Coffee has been among the most heavily studied foods over the past few decades, with overwhelmingly positive findings. That’s good news for the can’t-open-both-eyes-without-it population.


The aroma alone is reason enough for some of us to get out of bed. A recent study from the European Society of Cardiology tracked close to 20,000 individuals over 10 years and found people who drank at least two cups of coffee per day were 22% more likely to have a longer lifespan; those who drank at least four cups were 64% more likely, particularly people age 45 and older. Another study funded by the National Cancer Institute found similar results; coffee drinkers tended to live longer, regardless of caffeine content. That’s impressive!
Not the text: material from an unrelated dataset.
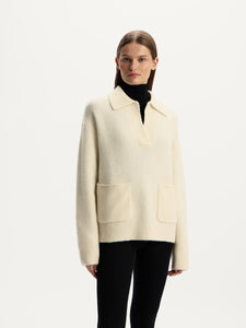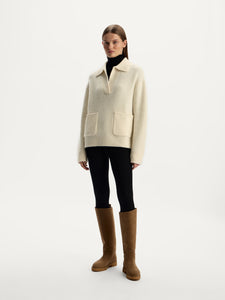 تُعتبر هذه الكنزة بديلاً رائعًا للبلوزات بياقة دائرية كلاسيكية وقد صُممت بقصة واسعة وياقة بشكل حرف V وجيوب مربعة. صُنعت من مزيج صوف الياك الكلاسيكي لتعزيز الدفء وتأتي بإضافة رائعة من البولي أميد للحماية من التمدد.

And the benefits don’t stop there. The long-running Harvard Nurses’ Health Study has found coffee may also protect against Type 2 diabetes. Other studies have shown coffee to reduce the risk of other diseases, including cardiovascular disease, Parkinson’s, liver disease, colorectal cancer and even Alzheimer’s. Coffee beans are loaded with antioxidants (particularly chlorogenic acid), which may exert protective, anti-inflammatory benefits on the body and brain.


Here’s the catch, though: Those benefits are singular to black coffee — not the mostly milk- and sugar-based specialty brews now found at every street corner and drive-thru. Some of these drinks contain upwards of 400 calories and 50 grams of sugar (see McDonald’s large vanilla latte), which is about as many calories as a double cheeseburger, and more sugar than two vanilla ice cream cones.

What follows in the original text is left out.